Asia-Pacific Features

Tiananmen activists moved by Nobel dedication (News Feature)

By Bill Smith Oct 12, 2010, 7:28 GMT

Beijing - When Nobel Peace Prize winner Liu Xiaobo dedicated his award to the 'Tiananmen martyrs,' he reminded the world of the thousands who suffered death, injury or imprisonment after the brutal military crackdown on Chinese democracy protesters in 1989.

'I was very moved by these words,' Beijing-based democracy activist Qi Zhiyong told the German Press Agency dpa by telephone on Tuesday.

'It shows that Liu Xiaobo has not forgotten the June 4 bloodshed,' said Qi, who lost a leg after he was shot as troops with tanks and live ammunition cleared Beijing's Tiananmen Square overnight on June 3-4, 1989.

Liu's dedication of the Nobel prize to the 1989 democracy protesters would 'encourage freedom and democracy' in China, said 53-year-old Qi, who, along with many other activists, has been kept under virtual house arrest since the prize was announced Friday.

'So many people died on June 4 (1989). My initial feeling was that (Liu's) remembering of the June 4 martyrs reflects his own heart and character,' Qi said.

Tens of thousands of protesters had occupied Tiananmen Square for seven weeks that spring, as the rest of the world watched to see how the ruling Communist Party would handle the biggest open challenge to its rule since it founded the People's Republic in 1949.

The military crackdown reportedly left hundreds of protesters dead and thousands wounded.

But the government has still not given a full account of the casualties, and insists that 20 years of breakneck economic growth justifies its decision to enforce political stability.

Liu lost his job as a lecturer in literature at Beijing Normal University and was detained for nearly two years for defending students who joined the 1989 protests and urging an investigation into the crackdown.

Xu Yuyou, a Beijing-based philosophy professor who was also in Tiananmen Square in 1989, recalled Liu's part in the protests in an open letter of support last month for his Nobel nomination.

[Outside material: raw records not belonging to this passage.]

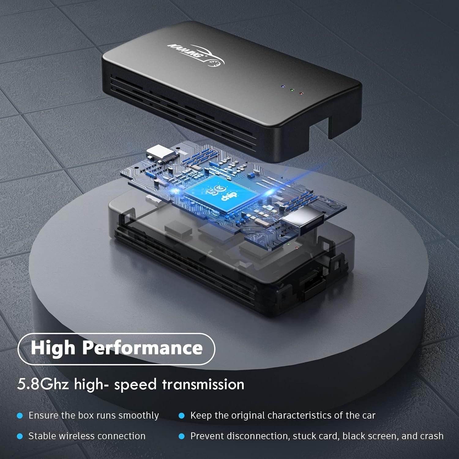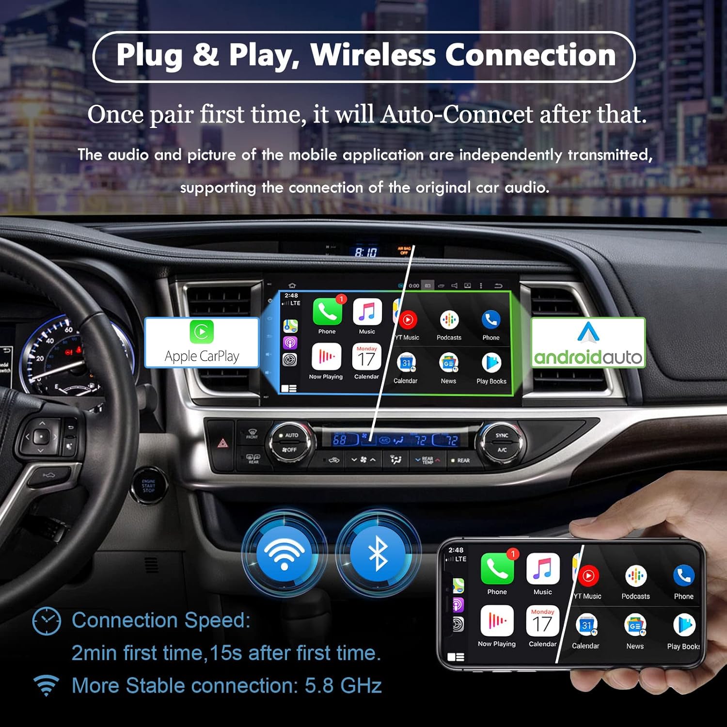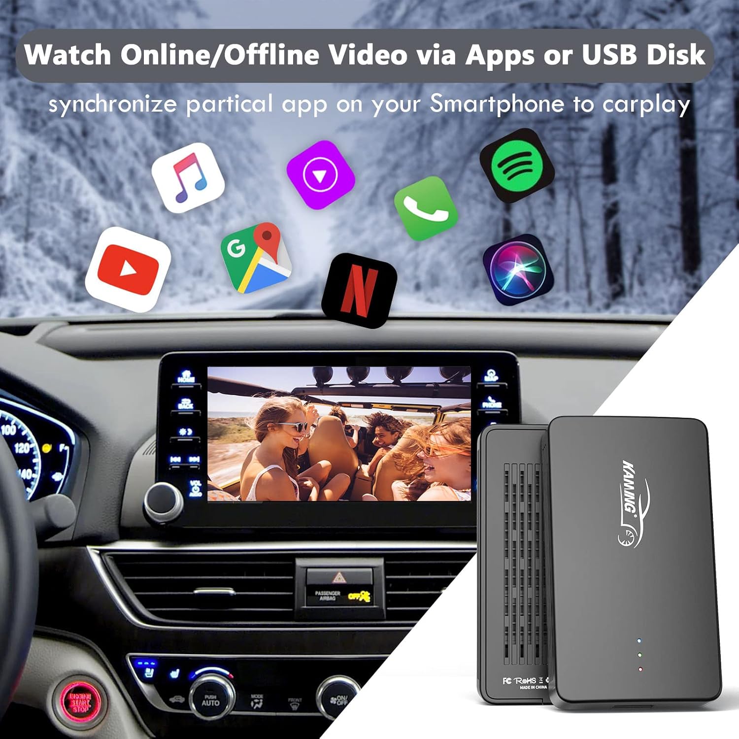 KAMING Carplay Adapter, Compatible with iPhone and Android Phones, Wireless and Plug and Play, 5G Dual-band Signal Filtering Technology, Supports Netflix, YouTube, and GPS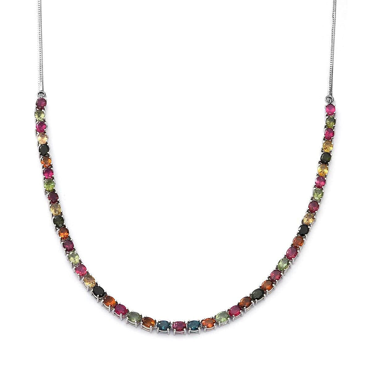 Multi-Tourmaline Tennis Necklace 24 Inches in Platinum Over Sterling Silver 15.60 ctw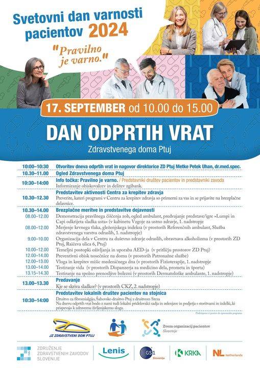 Ob letošnjem Svetovnem dnevu varnosti pacientov Zdravstveni dom Ptuj aktivno sodeluje v vseslovenski kampanji ozaveščanja, ki vključuje 30 zdravstvenih zavodov po vsej Sloveniji.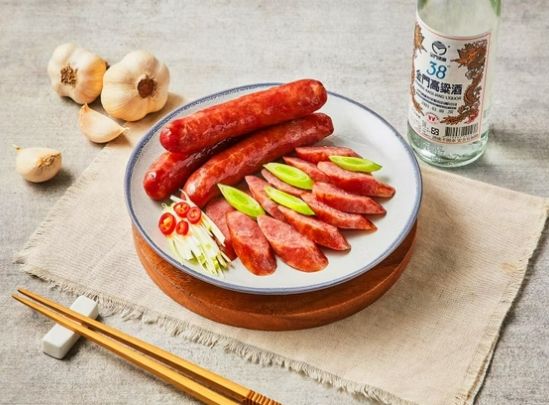 - 特色與亮點: 選用溫體豬肉(通常是黑毛豬),肥瘦比例恰到好處(約3:7或2:8),絞肉保留顆粒感。最大特色是在醃製時加入了高梁酒(金門高粱為多),經過炭火慢烤逼出油脂後,咬下去肉汁豐沛,除了豬肉的鮮甜,更帶著明顯的高粱酒香,香而不嗆,非常迷人!外皮烤得微焦脆,裡面多汁。比起一般香腸,這個酒香真的畫龍點睛,吃過很難忘記。但怕酒味的人可能不愛。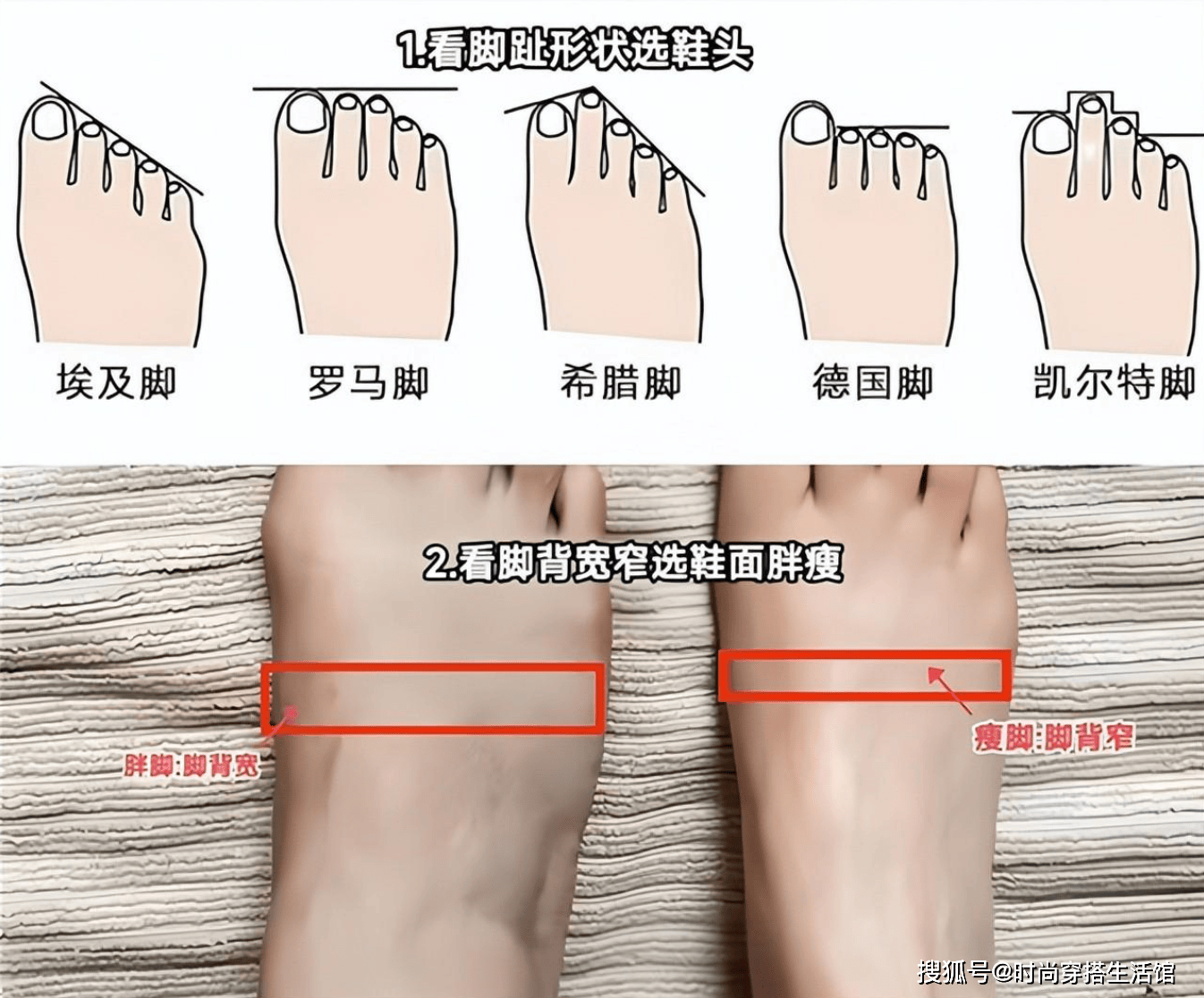 如何让自己的鞋子穿起来最舒适,那就要看你如何根据自己的脚尖形状去挑选最适合你的鞋头设计了。按照脚趾的形状分布,我们可以简单将脚型分为上面这五种:希腊脚,埃及脚,罗马脚,凯尔特脚和日耳曼脚。具体你是什么脚型,相信聪明的你根据上图就能够判断出来了~
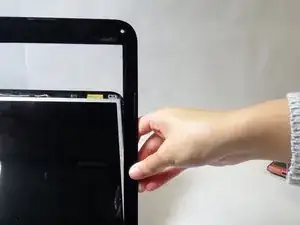 Повторите этот процесс вдоль внутренних краев пластиковой рамки. Как только все пластиковые защелки будут отщелкнуты, пластиковая рамка должна упасть с экрана.

'Liu Xiaobo, along with three other intellectuals, was taking part in the student hunger strike; it was they, who, on the early morning of the 4th, convinced the students to peacefully evacuate the square and begin discussion with the soldiers suppressing them, negotiating a smooth withdrawal,' Xu said.

Xu said the action of Liu and several others who persuaded protesters to leave Tiananmen Square before the troops arrived had 'saved the lives of several hundred students.'

When Liu, Xu and some 300 other activists, lawyers and writers issued the Charter '08 for democratic reform in December 2008, they said the June 4 crackdown was one of a 'string of human rights catastrophes' caused by the Communist Party.

Qi is a member of the informal Tiananmen Mothers group, which has appealed dozens of times for the Communist Party to hold a public inquiry into the 1989 crackdown.

The group said last year that it had collected the names of 203 people who died in 1989, adding that they believed there were 'still more victims we have yet to find.'

Retired professors Ding Zilin and her husband Jiang Peikun helped found the group after their 17-year-old son was killed in the 1989 military crackdown.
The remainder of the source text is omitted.